在某些可以使用ProcessWindowFunction的地方,您也可以使用WindowFunction。这是ProcessWindowFunction的较旧版本,提供的上下文信息较少,并且没有某些高级功能,例如,每个窗口的键状态。该接口将在某个时候被弃用。
env.socketTextStream("centos",7788)
.flatMap(_.split("\\s+"))
.map((_,1))
.keyBy(_._1) //不能按照position进行keyBy()
.window(TumblingProcessingTimeWindows.of(Time.seconds(1)))
.apply(new WindowFunction[(String,Int),(String,Int),String,TimeWindow] {
override def apply(key: String,
window: TimeWindow,
input: Iterable[(String, Int)],
out: Collector[(String, Int)]): Unit = {
out.collect((key,input.map(_._2).sum))
}
}).print()
env.execute("window")
当一个窗口被窗口函数认定可以去执行的时候,一个触发器将被触发。每一个windowAssigner
有一个默认的Trigger。如果默认的Trigger不符合自己的需要,可以自定义Trigger。
WindowAssigners | 触发器 |
---|---|
global window | NeverTrigger |
event-time window | EventTimeTrigger |
processing-time window | ProcessingTimeTrigger |
触发器接口具有五种方法,这些方法允许触发器对不同事件做出反应:
onElement()
method is called for each element that is added to a window.onEventTime()
method is called when a registered event-time timer fires.onProcessingTime()
method is called when a registered processing-time timer fires.onMerge()
method is relevant for stateful triggers and merges the states of two triggers when their corresponding windows merge, e.g. when using session windows.clear()
method performs any action needed upon removal of the corresponding window.var env=StreamExecutionEnvironment.getExecutionEnvironment
val deltaTrigger = DeltaTrigger.of[(String,Double),GlobalWindow](2.0,new DeltaFunction[(String,Double)] {
override def getDelta(oldDataPoint: (String, Double), newDataPoint: (String, Double)): Double = {
newDataPoint._2-oldDataPoint._2
}
},createTypeInformation[(String,Double)].createSerializer(env.getConfig))

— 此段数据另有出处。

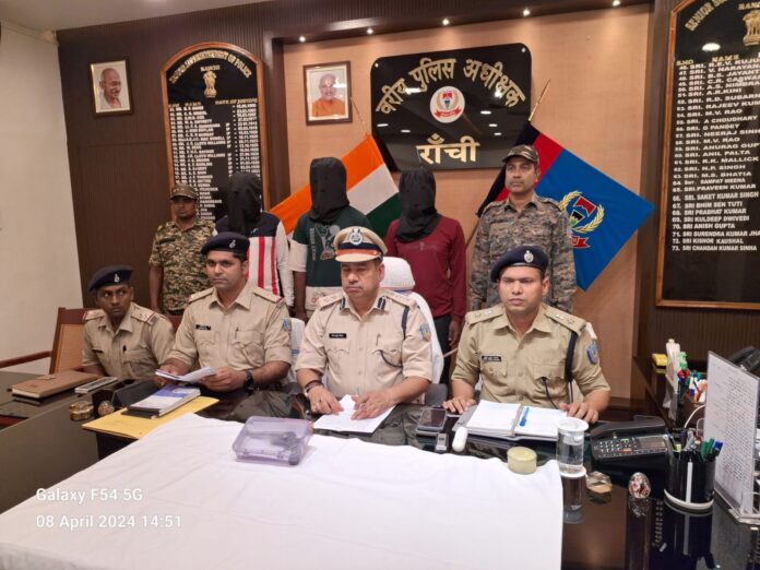 वरीय पुलिस अधीक्षक राँची को दिनांक 08.04. 2024 को पूर्वाहन 03.00 बजे गुप्त सूचना मिली थी कि राँची गुमला एन0एच0 43 मुख्य सडक पर टोल प्लाजा के कोंब 3-4 मीटर पहले कुछ अपराधी हथियार के साथ अपराधी घटना को अंजाम देने की योजना बना रहे है। इस सूचना के सत्यापन एवं आवश्यक कार्रवाई हेतु थाना प्रभारी नगड़ी के नेतृत्व में एक छापामारी दल का गठन किया गया। थाना प्रभारी नगड़ी छापामारी दल का नेतृत्व करते हुये थाना से प्रस्थान किये, जैसे ही छापामारी टीम राँची गुमला मुख्य मार्ग में टोल प्लाजा से करीब 3 से 4 मीटर पहले पहुँची थी तो देखी की सड़क किनारे एक स्विफ्ट डिजायर कार खड़ी है. गाड़ी खड़ी देख छापामारी टीम अपने गाड़ी को उक्त कार के सामने खडा कर दिये। पुलिस गाड़ी को अपने गाड़ी के सामने खडा देख उक्त कार से तीन युवक बाहर निकले तथा भागने का प्रयास करने लगेसशस्त्र बल के सहयोग से थाना प्रभारी नगडी के द्वारा भाग रहे युवक को दौड़ाकर पकड़ा गया। पकडाये युवक का बारी – बारी से तलाशी लिया गया तो एक युवक के पहने पैट के सहारे बायी कमर से खोसा हुआ एक देशी कट्टा मिला, उस युवक से नाम पता पुछने पर उसके द्वारा अपना नाम 1. मो0 कैफ अंसारी, उम्र करीब 24 वर्ष पिता साबीत अंसारी, सा० साहेर मुस्लिम मोहल्ला थाना नगड़ी जिला राँची बताया तथा शेष दोनों का नाम पता पुछने पर अपना – अपना नाम 2. नुरुल अंसारी उम्र करीब 35 वर्ष पिता स्व० रोजिद अंसारी, सा० देवरी ब्लॉक मोहल्ला थाना नगड़ी जिला राँची, 3. रेयाज अंसारी उम्र करीब 23 वर्ष पिता हुसैन अंसारी सा0 चेक पोस्ट नगड़ी थाना नगडी जिला राँची बतायेपकडाये हथियार के संबंध में वैध कागजात की माँग करने पर कोई वैध कागजात प्रस्तुत नहीं किया गया तद्दोपरांत 1. एक देशी कट्टा, 2. स्विफ्ट डिजायर कार रजिस्ट्रेशन नं0- JH01EJ- 2286 को विधिवत जप्त सूची तैयार करते हुये जप्त किया गया तथा उपरोक्त तीनों अपराधकर्मियों को गिरफ्तार किया गया।

env.socketTextStream("centos",7788)
.map(_.split("\\s+"))
.map(ts=>(ts(0),ts(1).toDouble))
.keyBy(0)
.window(GlobalWindows.create())
.trigger(deltaTrigger)
.reduce((v1:(String,Double),v2:(String,Double))=>(v1._1,v1._2+v2._2))
.print()
env.execute("window")
evictor发器触发后,应用窗口功能之前和/或之后从窗口中删除元素。为此,Evictor界面有两种方法:
public interface Evictor<T, W extends Window> extends Serializable {
void evictBefore(Iterable<TimestampedValue<T>> elements, int size, W window, EvictorContext evictorContext);
void evictAfter(Iterable<TimestampedValue<T>> elements, int size, W window, EvictorContext evictorContext);
}
package com.hw.demo10
import java.util.Properties
import org.apache.flink.api.common.serialization.SimpleStringSchema
import org.apache.flink.streaming.api.scala._
import org.apache.flink.streaming.api.scala.function.AllWindowFunction
import org.apache.flink.streaming.api.windowing.assigners.TumblingProcessingTimeWindows
import org.apache.flink.streaming.api.windowing.time.Time
import org.apache.flink.streaming.api.windowing.windows.TimeWindow
import org.apache.flink.streaming.connectors.kafka.FlinkKafkaConsumer
import org.apache.flink.util.Collector
/**
* @aurhor:fql
* @date 2019/10/21 21:56
* @type:
*/
object ErrorEvitor {
def main(args: Array[String]): Unit = {
val props = new Properties()
props.setProperty("bootstrap.servers", "CentOS:9092")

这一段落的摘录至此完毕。